Paragraph 3, however, does not provide a term of duration for Defendants' payment obligation, nor may one be implied from the following language: payment at 5% "until $26,250,000 is paid when the percentage will be 10%." Further, the record is not clear as to whether the parties intended Paragraph 3 to govern their business relationship in perpetuity, whether they intended Paragraph 3 to remain in effect following Korff's termination, or whether they intended the payment obligation to cease at termination, or upon any other date. Though Defendants maintain otherwise, this does not render the contract unenforceable, but Defendants' payment obligation remains terminable at will. See Bennett v. Atomic Prods. Corp., 132 A.D.3d 928, 929-30 (2d Dep't 2015). Accordingly, Defendants' affirmative defense asserting indefiniteness is dismissed.

3. Legal Ethics and Unconscionability

Next, in their fourth, fifth, and eleventh affirmative defenses, Defendants argue that Korff did not meet the heightened ethical and legal obligations imposed upon him as Corbett's attorney. In addition, they assert that Korff violated the Rules of Professional Conduct in procuring Corbett's signature on the Agreement and cannot demonstrate that Corbett fully understood the letter agreement's essential provisions. Defendants further contend that the Agreement's terms are unconscionable. In opposition, Korff argues that he fully complied with his ethical duties as Corbett's attorney and used no duress or undue influence in obtaining Corbett's signature on the letter agreement. On this point, the parties have raised triable issues sufficient to preclude summary judgment.

In Matter of Lawrence v. Graubard Miller, the Court of Appeals reaffirmed that the "general rule" of "enforc[ing] clear and complete documents . . . according to their terms," in the absence of incompetence, deception, or overreaching, applies to lawyer fee agreements just as it does to other commercial contracts. Lawrence, 24 N.Y.3d 320, 341 (2014). Moreover, "[a] revised fee agreement entered into after the attorney has already begun to provide legal services is reviewed with even heightened scrutiny, because . . . the opportunity for exploitation of the client is enhanced." Id. at 336 (citing Matter of Howell, 215 N.Y 466, 472 (1915)).
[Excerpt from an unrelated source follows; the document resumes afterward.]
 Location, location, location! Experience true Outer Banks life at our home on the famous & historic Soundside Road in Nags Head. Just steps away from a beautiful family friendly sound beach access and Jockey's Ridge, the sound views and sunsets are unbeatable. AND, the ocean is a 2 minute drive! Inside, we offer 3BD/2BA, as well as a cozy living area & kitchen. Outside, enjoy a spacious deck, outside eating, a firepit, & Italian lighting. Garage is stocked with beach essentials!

The 1990 New York Rules of Professional Conduct, which govern Korff's conduct with respect to the 1990 Agreement, provides that an attorney "shall not enter into a business transaction with a client if they have differing interests therein and if the client expects the lawyer to exercise professional judgment therein for the protection of the client, unless the client has consented after full disclosure." Rules of Professional Conduct (22 NYCRR 1200.0 DR 5-104 (A) (the "Business Transactions Rule")). Attorneys are further prohibited from charging excessive fees. Id.; DR 2-106. "A fee is clearly excessive when after a review of the facts, a lawyer of ordinary prudence would be left with a definite and firm conviction that the fee is in excess of a reasonable fee." Id.; DR 2-106 (B).

In 1990, the Business Transactions Rule applied only where "the client expect[ed] the lawyer to exercise his professional judgment therein for the protection of the client." (NYC Bar Op., Formal Op. 2000-03 (citations omitted)). If no such expectations existed, then the requirements imposed by that rule would not be necessary. Id. Whether an individual can reasonably expect an attorney to exercise professional judgment in his or her behalf is a "highly fact-specific inquiry." Matter of Ioannou, 89 A.D.3d 245, 250 (1st Dep't 2011).
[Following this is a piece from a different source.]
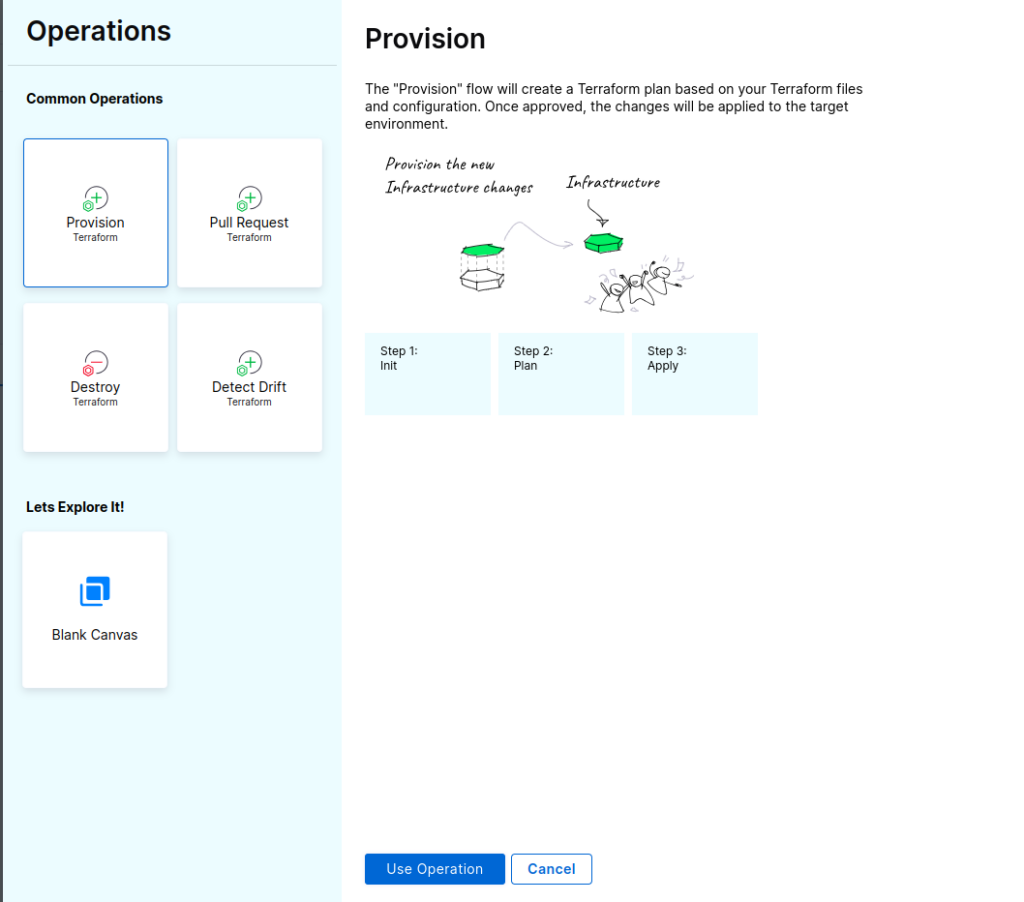 After you click next you will see that it will ask for operation select provision and click use operation.

In such a situation, the attorney bears the burden of demonstrating that the agreement is "fair, reasonable, and fully known and understood by their clients." Albunio v. City of New York, 23 N.Y.3d 65, 71 (2014). "Even in the absence of any indication of fraud or undue influence on the part of the attorney, the agreement may still be invalid unless [the attorney] can show that the client was fully aware of the consequences and that there was no exploitation of the client's confidence in the attorney." Schlanger v. Flaton, 218 A.D.2d 597, 602 (1st Dep't 1995) (internal quotation omitted).

The parties' deposition testimony and the opinions rendered by their legal ethics experts raise triable issues regarding Corbett's understanding of Korff's role with regard to the Agreement, and whether Korff's conduct with respect to the Agreement comes within the Business Transactions Rule and Korff's fiduciary obligations to Corbett.

Defendants contend that Corbett did not know or fully understand the terms of the Agreement and that his signature would entitle Korff to a percentage of the gross profits in perpetuity. In addition, Defendants note that Korff drafted the Agreement without Corbett's input and bullied Corbett into executing it, while Corbett was on his way to the airport for a month-long family vacation in Africa. See Eiseman Aff. ¶¶ 28-31.

Plaintiff, however, maintains that no incompetence, deception, or overreaching occurred, and that Corbett negotiated the Agreement's terms for more than five months, proposed essential terms, and signed it twice, and that the change from an equity interest to a percentage of the gross receipts was Corbett's idea. Indeed, Korff's assistant took the minutes of those negotiations, and prepared internal memoranda summarizing the meetings that include drafts of what was later incorporated into the Agreement. See Melanie Craig Dep. Tr. 139:7-142:15.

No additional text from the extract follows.